Exercise goal: From the listing below, give again exactly the lines from the line with "ชื่อ:ชุดเดรสเด็กผู้หญิงวันเกิด แขนกุด ตกแต่งดอกไม้" to the line with "ブラーティント新色登場!Wh", ends included, without any pictures.

Provided data Block Start

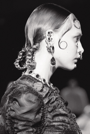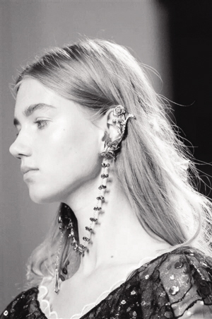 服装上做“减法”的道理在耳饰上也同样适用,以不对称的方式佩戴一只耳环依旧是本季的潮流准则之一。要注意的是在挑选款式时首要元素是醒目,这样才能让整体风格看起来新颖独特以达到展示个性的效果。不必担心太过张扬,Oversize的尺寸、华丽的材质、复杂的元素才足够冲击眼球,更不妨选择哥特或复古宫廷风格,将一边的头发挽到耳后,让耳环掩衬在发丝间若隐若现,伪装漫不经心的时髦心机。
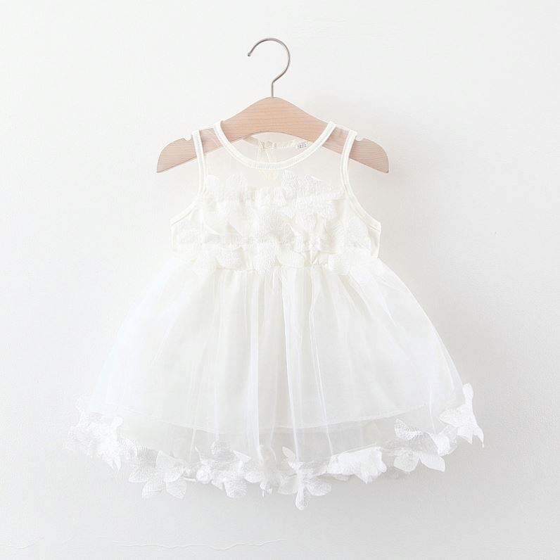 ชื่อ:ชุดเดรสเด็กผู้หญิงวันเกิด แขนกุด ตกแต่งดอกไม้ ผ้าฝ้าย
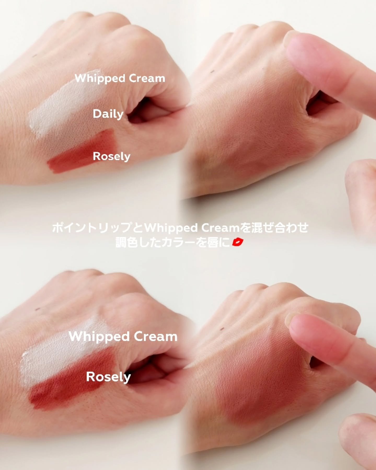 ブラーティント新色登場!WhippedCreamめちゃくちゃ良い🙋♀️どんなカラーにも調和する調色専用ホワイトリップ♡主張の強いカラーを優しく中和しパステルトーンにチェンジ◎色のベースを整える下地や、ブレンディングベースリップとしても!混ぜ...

Provided data Block End
Provided data Block Start

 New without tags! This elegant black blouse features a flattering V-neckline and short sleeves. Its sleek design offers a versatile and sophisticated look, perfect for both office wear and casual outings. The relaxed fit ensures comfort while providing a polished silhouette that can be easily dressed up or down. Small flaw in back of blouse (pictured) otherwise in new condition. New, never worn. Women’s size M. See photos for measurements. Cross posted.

Provided data Block End
Provided data Block Start

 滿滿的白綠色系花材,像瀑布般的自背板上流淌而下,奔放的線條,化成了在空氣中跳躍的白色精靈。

Provided data Block End

Solution to the exercise:
 ชื่อ:ชุดเดรสเด็กผู้หญิงวันเกิด แขนกุด ตกแต่งดอกไม้ ผ้าฝ้าย
 ブラーティント新色登場!WhippedCreamめちゃくちゃ良い🙋♀️どんなカラーにも調和する調色専用ホワイトリップ♡主張の強いカラーを優しく中和しパステルトーンにチェンジ◎色のベースを整える下地や、ブレンディングベースリップとしても!混ぜ...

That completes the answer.